Recent years have witnessed a resurgence in information-theoretic approaches to the nervous system (Rieke et al. 1996). We know that individual neurons, such as motion-selective cells in the fly or single auditory inputs in the bullfrog, can encode between 1 and 3 bits of sensory information per output spike, amounting to rates of up to 300 bits per second. This information is encoded using changes in the instantaneous interspike interval between a handful of spikes. Such a temporal encoding mechanism is within 10 to 40 percent of the theoretical maximum allowed by the spike train variability. This implies that individual spikes can carry significant amounts of information, at odds with the idea that neurons are unreliable and can only signal in the aggregate. At these rates, the optic nerve would convey between one and ten million bits per second. (This compares to a ten-speed CD-ROM drive, which transfers information at 1.5 million bits per second.)
Timing precision of spiking across populations of simultaneously firing neurons is believed to be a key element in neuronal strategies for encoding perceptual information in the sensory pathways (Abeles 1990; Singer and Gray 1995). Yet if information is indeed embodied in a temporal code, how, if at all, is it decoded by the target neurons? Do neurons act as coincidence detectors, able to detect the arrival time of incoming spikes at a millisecond or better resolution?
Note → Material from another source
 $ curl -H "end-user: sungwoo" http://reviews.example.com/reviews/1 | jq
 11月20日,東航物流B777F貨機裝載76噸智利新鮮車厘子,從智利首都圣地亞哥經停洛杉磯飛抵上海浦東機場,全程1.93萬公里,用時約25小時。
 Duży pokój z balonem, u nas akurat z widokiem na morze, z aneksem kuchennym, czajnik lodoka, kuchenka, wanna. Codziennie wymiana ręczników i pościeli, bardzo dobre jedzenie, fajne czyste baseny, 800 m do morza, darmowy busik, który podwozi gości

Or do they integrate more than a hundred or so relatively small inputs over many tens of milliseconds until the threshold for spike initiation is reached (Softky 1995; see figure 1)?
Current thinking about computation has the brain as a hybrid computer. Individual nerve cells convert the incoming streams of binary pulses into analog, spatially distributed variables: the postsynaptic membrane potential and calcium distribution throughout the dendritic tree. This transformation involves highly dynamic synapses that adapt to their input. Information is then processed in the analog domain, using a number of linear and nonlinear operations (multiplication, saturation, amplification, thresholding) implemented in the dendritic cable structure and augmented by voltage-dependent membrane and synaptic conductances. The result is converted into asynchronous binary pulses and conveyed to the following neurons. The functional resolution of these pulses is in the millisecond range, with temporal synchrony across neurons likely to contribute to coding. Reliability could be achieved by pooling the responses of a small number (20-200) of neurons.
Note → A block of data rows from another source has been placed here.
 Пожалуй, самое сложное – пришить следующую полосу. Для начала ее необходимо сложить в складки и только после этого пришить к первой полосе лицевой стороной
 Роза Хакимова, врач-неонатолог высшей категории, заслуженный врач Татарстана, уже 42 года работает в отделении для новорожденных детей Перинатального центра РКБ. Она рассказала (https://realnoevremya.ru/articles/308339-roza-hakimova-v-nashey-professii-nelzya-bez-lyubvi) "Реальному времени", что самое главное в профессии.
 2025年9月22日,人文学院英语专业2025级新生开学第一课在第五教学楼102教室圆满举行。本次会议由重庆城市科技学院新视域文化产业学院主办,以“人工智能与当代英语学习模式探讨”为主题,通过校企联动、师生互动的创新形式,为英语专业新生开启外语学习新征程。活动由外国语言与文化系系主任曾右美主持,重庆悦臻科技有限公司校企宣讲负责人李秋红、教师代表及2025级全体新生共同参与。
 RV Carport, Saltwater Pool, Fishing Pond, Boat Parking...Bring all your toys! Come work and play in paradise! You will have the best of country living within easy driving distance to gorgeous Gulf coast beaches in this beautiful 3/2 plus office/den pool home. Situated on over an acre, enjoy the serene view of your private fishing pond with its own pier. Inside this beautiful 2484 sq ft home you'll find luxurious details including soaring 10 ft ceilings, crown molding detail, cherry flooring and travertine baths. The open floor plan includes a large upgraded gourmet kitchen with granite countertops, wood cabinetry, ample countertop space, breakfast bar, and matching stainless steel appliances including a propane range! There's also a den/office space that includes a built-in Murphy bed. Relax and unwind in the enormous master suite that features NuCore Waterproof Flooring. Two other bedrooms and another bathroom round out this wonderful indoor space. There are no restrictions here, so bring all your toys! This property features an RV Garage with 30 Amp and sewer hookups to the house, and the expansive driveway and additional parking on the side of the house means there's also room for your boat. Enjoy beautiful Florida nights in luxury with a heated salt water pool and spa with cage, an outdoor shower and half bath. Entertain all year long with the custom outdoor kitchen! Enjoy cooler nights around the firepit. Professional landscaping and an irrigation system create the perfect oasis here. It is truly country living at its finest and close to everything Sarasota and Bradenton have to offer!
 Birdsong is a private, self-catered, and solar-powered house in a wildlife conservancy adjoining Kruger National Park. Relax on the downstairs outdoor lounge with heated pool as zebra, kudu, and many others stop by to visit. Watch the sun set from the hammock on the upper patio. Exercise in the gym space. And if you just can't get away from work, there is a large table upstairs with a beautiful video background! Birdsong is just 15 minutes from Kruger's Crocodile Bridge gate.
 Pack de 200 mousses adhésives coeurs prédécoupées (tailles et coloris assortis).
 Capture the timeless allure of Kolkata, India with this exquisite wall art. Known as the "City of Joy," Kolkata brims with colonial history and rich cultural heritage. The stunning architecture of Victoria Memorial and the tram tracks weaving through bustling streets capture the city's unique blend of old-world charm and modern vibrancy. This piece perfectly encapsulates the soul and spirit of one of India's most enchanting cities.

And what of MEMORY? It is everywhere (but cannot be randomly accessed). It resides in the concentration of free calcium in dendrites and cell body; in the presynaptic terminal; in the density and exact voltage dependency of the various ionic conductances; in the density and configuration of specific proteins in the postsynaptic terminals; and, ultimately, in the gene in the cell's nucleus for lifetime memories.